How I miss my husband. Back in the day, way, way, back in the day, we used to be good friends, and man, did we have fun together. We’d go hiking, camping, climbing. We’d do crosswords together stretched across the living room floor, read the paper together on Saturday mornings, mix each other dirty martinis, with 7 olives each, go dancing at least once a week and drink jugs and jugs of sweet, tangy Sangria, and have crazy foreign film festivals in the bedroom, eating Chinese, Vietnamese, or German take-out on top of the blankets.  
And we had sex. Did we have sex! Mad, delicious, breathtaking sex. On the covers, under the covers, standing up, sitting down, in the shower, in the bath, the kitchen, the basement, the living room floor with the curtains open. Once, twice, and during the film festivals, sometimes five times a day. Just watching him walk, seeing his legs or back or stomach made my heart (and parts somewhat lower) clench and ache. I wanted to touch him all the time. Even doing the dishes together was sexy. The promise of wet hands and soft soapy bubbles…….
Now? Yeah. Now. Not so much. 
Now? It’s been a dry coupla seasons. The closest I get to spending any of the precious time we used to have together is watching him hike a screaming preschooler to her room for a time-out, or seeing him cornered at the kitchen table doing math homework, or when he’s downing a cup of scalding coffee before running the next kid to the next lesson. And film festivals? At best, it’s Finding Nemo with take-out pizza, and 5 twitchy kids. I only catch a glimpse of my still sexy husband as he’s carrying a load of laundry downstairs, or reading a bedtime story, or drying off some little, chubby body, that’s not his own (damn, damn, double-damn! Toweling off was always one of my favorite spectator sports!) 

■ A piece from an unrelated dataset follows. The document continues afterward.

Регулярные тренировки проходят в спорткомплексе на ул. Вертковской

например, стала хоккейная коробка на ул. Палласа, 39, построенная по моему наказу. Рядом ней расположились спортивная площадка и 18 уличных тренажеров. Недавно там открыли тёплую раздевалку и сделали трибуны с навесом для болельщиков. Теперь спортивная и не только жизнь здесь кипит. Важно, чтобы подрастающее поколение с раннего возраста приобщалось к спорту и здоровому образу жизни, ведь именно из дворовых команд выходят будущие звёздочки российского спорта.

And as far as sex, were lucky if we get to do the silent, three-minute bump-and-grind once a month. Under the covers. In the dark. And way, way past bedtime. Now, I know what you’re thinking! It’s pretty shocking. I can hardly believe it myself….we’re SILENT! 

Absolutely silent sex. No heaving, heavy breathing. No gasping, panting, swearing, imploring, or grunting. Just tight-lipped silence. In fact, I think we might both hold our breath the entire time (we may not get a lot of exercise, but these monthly trysts are certainly increasing my lung capacity). We bonk in fear that, 1. the kids will hear, and 2. the kids will hear and subsequently wake up and ruin what might be an adequate nights sleep! And as any sane mother knows, sleep before sex, sleep before sex!!
I just wanna throw off the shackles of motherhood (and throw the shackles on my husbands wrists). The damn kids not only took my body, took my time, and took my money, they took my groove thing!!
So, I’m going to employ a tactic I’ve noticed has worked very effectively for my children. When in a particularly sensitive location, like, a parent-teacher interview or the Christmas concert or a birthday party at McDonald’s, for instance, I’m going to have a world-class, eardrum-shattering tantrum:
I WANT MY GROOVE THING BACK!!! IT’S JUST NOT FAIR!!!! EVERYBODY AT WORK HAS A GROOVE THING!!! I WANT ONE TOO!!! I WANT MY GROOVE THING BACK!!! I WANT IT BACK!!!! YOU SAID!!!
I’ll let you know how it works for me. And if you happen to find yourself in the same locale as me when I am implementing my plan, please, for my sake, and the sake of all of us, and your future ability to get jiggy with it, join in. Our future sex lives depend upon it!